Mario Draghi succède à J-C Trichet à la tête de la BCE. Trichet était à la tête de la BCE depuis 8 ans (2003) après un brillant parcours d’énarque qui l’avait conduit à diriger le Trésor de 1987 à 1993 puis la Banque de France entre 1993 et 2003. Sous sa direction le Trésor avait notamment pu constater la faillite du Crédit Lyonnais en 1993. Dans l’enquête qui a suivi (Trichet était alors gouverneur de la banque de France), les archives du Crédit Lyonnais ont miraculeusement disparu dans un incendie provoqué par plusieurs départs de feu simultanés en 1996. On voit donc que Draghi prend la relève d’un brillant sujet.

Mario Draghi

Il est vrai que Draghi réalise l’exploit de présenter un parcours encore plus calamiteux que son prédécesseur : il fut VP Europe de Goldman Sachs de 2002 à 2005. Cette banque prestigieuse s’enorgueillit de nombreux fait d’armes à cette époque, notamment d’avoir aidé la Grèce à « préparer » ses comptes pour rejoindre la zone euro. Pour bénéficier des « conseils » de ces génies, les Etats et les entreprises dépensent des fortunes en honoraires et commissions qui représentent l’intégralité du chiffre d’affaires de la banque d’investissement. Les commissions touchées par Goldman Sachs pour l'émission de titres pour la Grèce en 2002 sont estimées à 300 millions de dollars. Bien sûr, depuis 2008, Goldman Sachs achète des CDS sur la dette grecque, c'est à dire spécule sur la faillite prochaine de son client: c'est ce que l'on appelle gagner sur tout les tableaux.

Goldman Sachs, leader mondial de cette « activité », a ainsi déclaré 45 milliards de dollars de revenus en 2009 et 39 milliards en 2010, en pleine crise financière, alors que des ménages américains modestes se faisaient expulser de leur maison. Ces revenus ne sont autres que des commissions sur des transactions diverses et variées dont près de la moitié est consacrée aux dirigeants sous le vocable « compensation and benefits ». Ainsi, pour le seul 2e trimestre 2011, les revenus de la banque ont été de 7.3 milliards de dollars dont 3.2 milliards (soit 44%) pour les dirigeants. Pour les 35 000 employés de la banque, cela pourrait représenter 30 000  dollars par mois et par employé. Bien entendu, il n'en est rien: la distribution est concentrée sur une quarantaine de personnes au sommet de l’organisation.
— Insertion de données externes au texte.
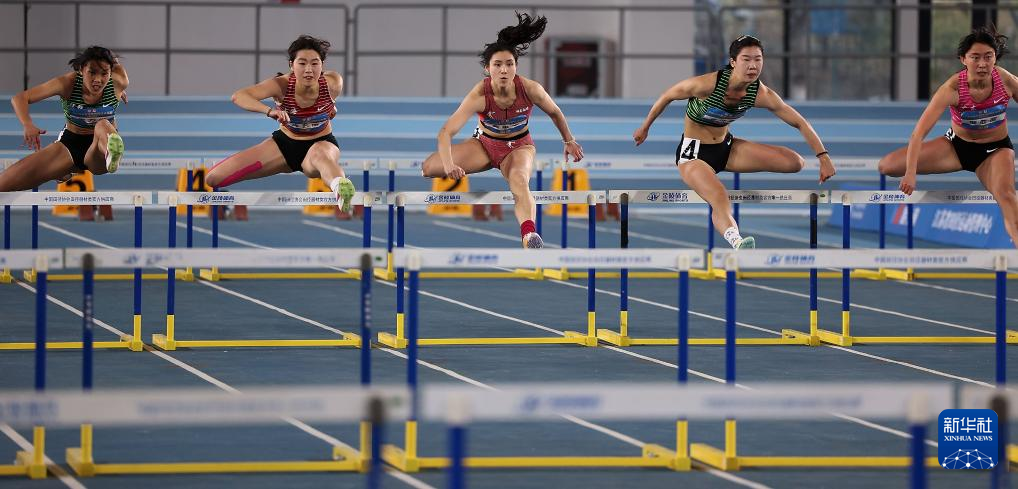 3月17日,湖南队选手夏思凝(中)在女子60米栏决赛中。最终她以8秒28的成绩夺得冠军。新华社记者 廖宇杰 摄

Les dirigeants actionnaires se distribuent aussi des dividendes.

On voit donc que Mario Draghi a cautionné une culture de la prédation économique où un intermédiaire qui voit passer des flux financiers ne peut s’empêcher de les taxer au-delà du raisonnable et du nécessaire. Alors qu’elle devrait être au service de l’économie en assurant une certaine liquidité au capital, la banque d’investissement privilégie l’enrichissement de ses dirigeants, au cœur de cette minorité des 1% qui méprisent les 99%.

En 2005 Goldman Sachs ne publiait pas le montant de ses avoirs dans les paradis fiscaux mais depuis la crise de 2008, elle doit le faire. Entre 2009 et 2010, les actifs de Goldman Sachs aux seules Iles Caïmans sont passés de 23 milliards à 36 milliards de dollars, c’est-à-dire l’équivalent des avoirs de cette « banque » en France ou au Royaume-Uni. Quant à la City de Londres, elle est devenue, aux portes de l’Europe et en toute impunité, la plaque tournante des opérations off-shore qui permettent aussi bien le blanchiment d’argent que l’évasion fiscale. D’ailleurs, sur la soixantaine de paradis fiscaux recensés dans le monde, la moitié sont d’anciennes colonies britanniques : sur une petite île, tout le monde se connait et il n’est pas facile de dénoncer les délits financiers sans risquer sa vie ou devenir un paria.

C’est donc très pratique pour faire prospérer une industrie sur le principe du « pas dénoncé pas pris ». Dans ce sport, Goldman Sachs n’est que le premier d’une longue cohorte : le  groupe de la banque Barclays a plusieurs centaines de filiales dans les paradis fiscaux..

Avec la nomination de Mario Draghi, on voit qu’il ne faudra pas compter sur les dirigeants européens en place pour réformer le système.